Make small prompts, use agents to solve a clear and bounded problem, and don’t include information in prompts or context that the agent doesn’t need to know
At work, I have written instructions for an AI to evaluate whether a postmortem meets the quality criteria of Amazon’s writing.
I didn’t use any of these, just wrote bullet points that the AI must mark as ✅ or ❌
Then I find that some of the guidance is subjective, like writing the “executive summary” in 3 paragraphs and containing certain information in each. It’s perfectly fine to write a postmortem in 4, but the AI always marks it as ❌ when there aren’t exactly 3 paragraphs, which makes the prompt less useful
Breaking the “you’re absolutely right” identity of your AI
Most commercial models are fine-tuned to be extremely polite and helpful to the user. This often leads to AI simply agreeing with your bad ideas just to avoid friction. Many people love it, they even protest when OpenAI replaced GPT-4o with GPT-5. That feels good, but it’s not good in the long-term.
To get senior-level output from your tools, you need actionable strategies to break this politeness loop and force critical analysis. You can’t use AI tools outside the box.
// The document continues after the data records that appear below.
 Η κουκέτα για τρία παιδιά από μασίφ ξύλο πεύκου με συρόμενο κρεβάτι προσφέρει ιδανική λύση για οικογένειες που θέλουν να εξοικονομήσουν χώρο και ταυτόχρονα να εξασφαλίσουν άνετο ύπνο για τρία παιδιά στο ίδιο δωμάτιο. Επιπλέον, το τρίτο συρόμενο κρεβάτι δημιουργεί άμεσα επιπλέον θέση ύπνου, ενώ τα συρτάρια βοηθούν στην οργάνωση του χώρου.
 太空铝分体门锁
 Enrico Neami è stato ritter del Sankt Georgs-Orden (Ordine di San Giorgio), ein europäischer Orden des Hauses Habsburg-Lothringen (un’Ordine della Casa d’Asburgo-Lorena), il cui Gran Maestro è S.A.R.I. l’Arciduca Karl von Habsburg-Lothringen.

You need to customize them:
You must give the system custom rules to act strictly as a code reviewer.
Tell it to completely drop conversational fillers, apologies, and flattery from its vocabulary. I tell my AIs to be concise and sharp.
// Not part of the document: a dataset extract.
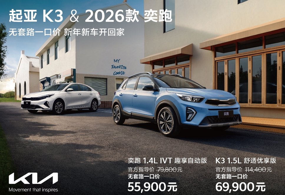 在“全国一口价”政策之下,起亚K3 1.5L舒适优享版全国一口价仅需69,900元、2026款起亚奕跑1.4L IVT趣享自动版全国一口价仅需55,900元,不仅大大降低了消费者的购车门槛,也为用户创造了更公开、更透明、无套路的购车环境。
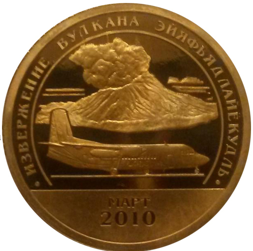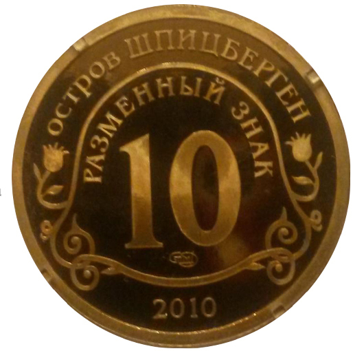 10 разменных знаков, 2010 год. СПМД, Извержение вулкана . Остров Шпицберген. Бронза

Ask that it only outputs a technical critique based on your strict level one constraints, not nice-to-have topics. This ensures that you can’t keep a loop where AI always tells you something new to fix.
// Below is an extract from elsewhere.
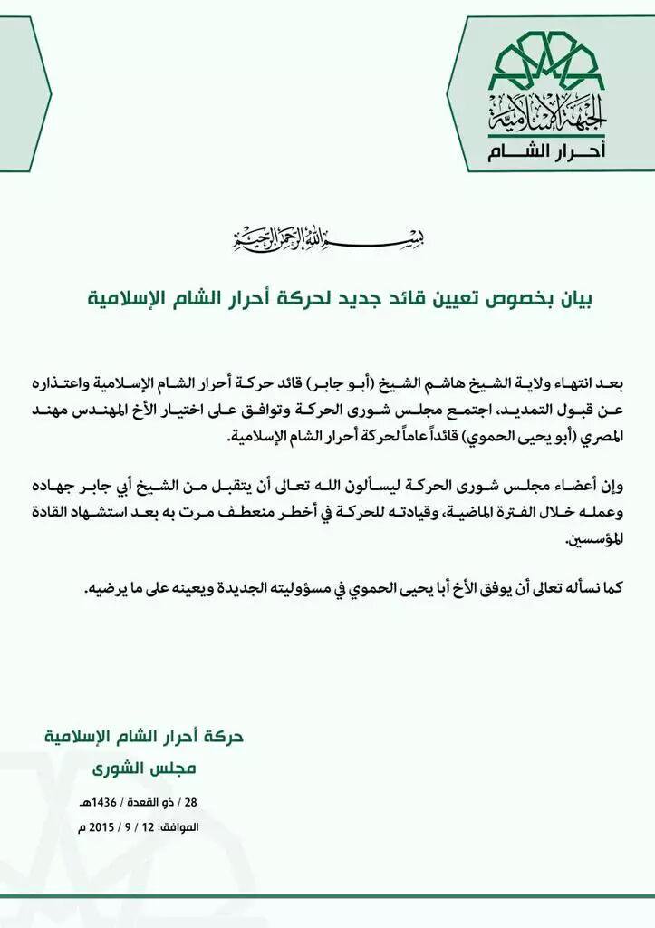 بيان بخصوص تعيين مهند المصري قائداً جديداً لحركة أحرار الشام الإسلامية

Stop asking open questions like “What do you think about my code?” Instead, ask it to find vulnerabilities, inefficiencies, and evaluate other rules like readability, best practices for the language, etc.
You also need to understand the fundamental difference between the tools you are using.
A standard chatbot is designed for conversation and needs heavy prompting to stay critical and objective.
An automated agent can be configured with a validation loop where it automatically tests its own code before replying to you.
Choosing the right tool for the job is a critical organizational skill for any modern engineer.
Conclusion
As you get tenure and seniority, productivity is less and less about typing faster or memorizing syntax. It becomes about communicating with absolute precision and organizing your thoughts into clear directives. It’s about making an impact through others.
Well, it turns out we are all senior engineers now, giving work to a team of AI agents. Most of us have not written a single line of code since December 2025, and if you did, I bet it was to fix something on top of an AI output.
When you are clear about which level of communication you’re using, you eliminate the guesswork from AI and from other people.
You must make a clear disclaimer about when you’re chatting, and you don’t want any AI or engineer to take action on your words. Also, make the disclaimer when it’s a must-have, and if it’s not met, it’s not good.
Don’t communicate your raw thoughts to avoid confusing AI and people.
Don’t demand must-haves when you’re not clear about it being the right direction
Be clear about where you’re coming from.